Teva is a global pharmaceutical leader and the world’s largest generic medicines producer, committed to improving health and increasing access to quality health solutions worldwide. Our employees are at the core of our success, with colleagues in over 80 countries delivering the world’s largest medicine cabinet to 200 million people every day. We offer a uniquely diverse portfolio of products and solutions for patients and we’ve built a promising pipeline centered around our core therapeutic areas.
Post : Clinical Research Assoc I
Job Description
Site Monitoring
- Regulatory/ethics submission of CT as per timelines and to ensure regulatory documents are available, complete and current.
- In coordination with the project manager and/or medical monitor, perform study site selection visits. Participate in/conduct investigator’s meeting and site initiation visits.
- To identify, define, coordinate and conduct site study training.
- In coordination with the project manager, provide oversight of all study-related activities.

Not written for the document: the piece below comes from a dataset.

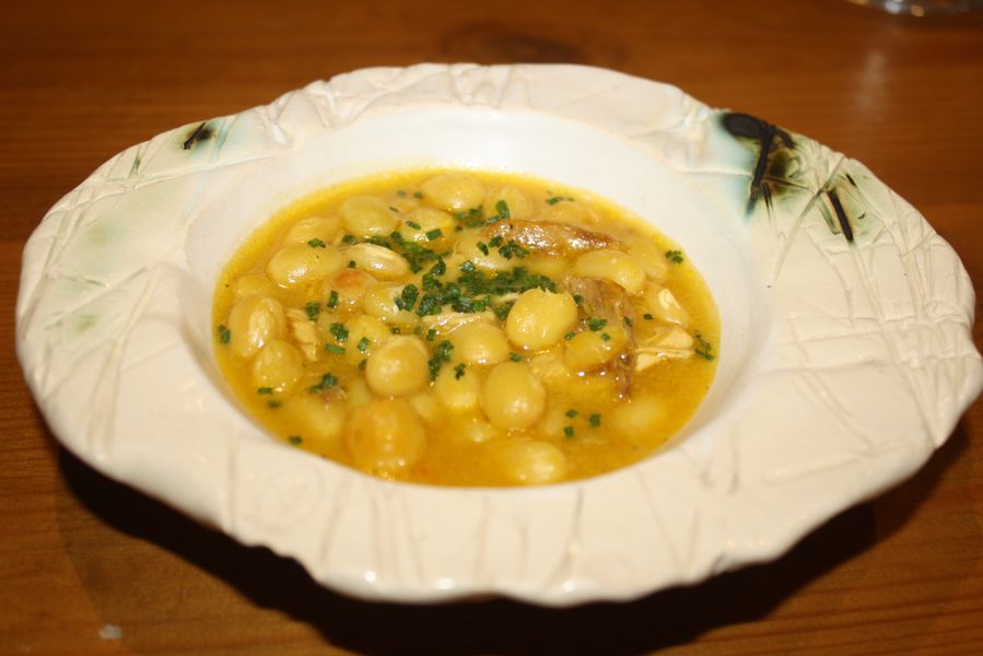 Pochas frescas con perdiz en escabeche —tradición revisada con precisión: el ave, caza local; las legumbres, de temporada; el escabeche, equilibrado, brillante.

- To perform regular monitoring visits to site and prepare monitoring reports
- To ensure the compliance to ICH-GCP guidelines, local & international regulations (i.e. DCGI, FDA) and applicable SOPs.
- To verify the case report forms and source data according to the monitoring plan
- To ensure that the clinical trial supplies are appropriately handled and adequately maintained at the site as per the project requirements.
- Evaluates the speed of recruitment and propose alternative solutions if the predefined objectives are not met, either in the terms of patient number or timelines.
- To resolve all data queries or other study related queries from the site within timeframe.
- Conduct site close out and assure appropriate archival of controlled documents.
Candidate Profile
• Doctorate, Master’s or Bachelor’s Degree. Major course of study must be Science or Health-related. (i.e. M.Pharm, B.Pharm. MBBS, M.Tech (Biotech), M.Sc, B.Sc along with some diploma in clinical research etc)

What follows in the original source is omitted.